Once Imply has enabled the feature for you:

  1. Click the Download data icon in a data cube. The default dialog allows you to use the Standard download.

  2. To use the async download feature, click Use async download to display the following dialog:

    Alpha async download

    Complete the following fields, then click Prepare data:

    • File name: A name for the downloaded file.
    • Max rows to download: Maximum number of downloaded rows.
    • Format: You can download the data as a CSV, TSV, or JSON file.
    • Numerical cell formatting: Apply formatting to numerical cells in the download. You can configure the number of decimal places in the measure formatting. For example, if the default is 24433:
      • Decimal formatting: 24,433
      • Abbreviations: 24.43k
    • Include 'overalls' in download: Include a sum of all rows in the download.
    • Include metadata in download: Include metadata such as the data cube name, table name, and filter details.
  3. Once you click Prepare data, leave the browser open until the download is complete. You can continue using Pivot in the meantime.

Download old file version

If you prefer, you can click Download old file version to access the standard download option.

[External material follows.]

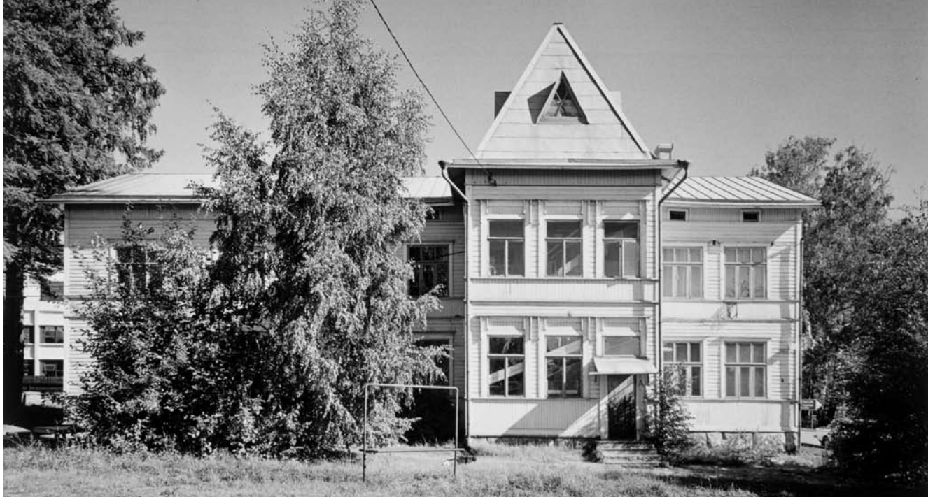
Suomen Taiteilijaseura osti Oulunkylän entisen yhteiskoulun taiteilijataloksi. Boheemin maineen saanut talo palveli taiteilijakäytössä purkamiseensa saakka 1976.

Vuosi 1955 kului taloa rakennettaessa, ja taiteilijat pääsivät muuttamaan taloon joulukuun. Rakennukseen tuli kuusi ateljee-asuntoa, joissa on korkea, parvella varustettu työskentelytila. Asuntoon (50 m 2 ) kuuluu keittiö-olohuone, kaksi makuuhuonetta ja kylpyhuone. Lisäksi talossa on neljä ensisijaisesti työkäyttöön tarkoitettua, isolla parvella ja keittiöllä varustettua ateljeehuoneistoa.

The standard download doesn't include formatting or metadata, and excludes any data saved to deep storage. It can be a quicker option for small data sets.

Data from deep storage

The alpha async download feature allows you to download data from deep storage.

Data cubes and visualizations don't display data that's only in deep storage, so you may notice a discrepancy between your displayed and downloaded data.

To restrict your download to recent data, apply a time limit or another limit to prevent Pivot from querying from deep storage.

Feature limitations

The following limitations apply to the alpha asynchronous downloads feature:

  • XLSX file format isn't supported.
  • A sort order applied to the data cube view doesn't apply to the downloaded data.
  • If a data cube contains functions not supported by SQL-based ingestion, you can't download data from the data cube.
  • Percent of parent measure transformations aren't supported. If your data cube contains a percent of parent measure transformation, the async download fails silently.

Imply requires sufficient capacity for all ingestion-related tasks, as well as the tasks it requires for each concurrent download. You must plan for the additional capacity required for downloads, to prevent high processing times for ingestion jobs. See Capacity planning for more information.

Hybrid customers can emply a worker select strategy with an affinityConfig property to improve load distribution.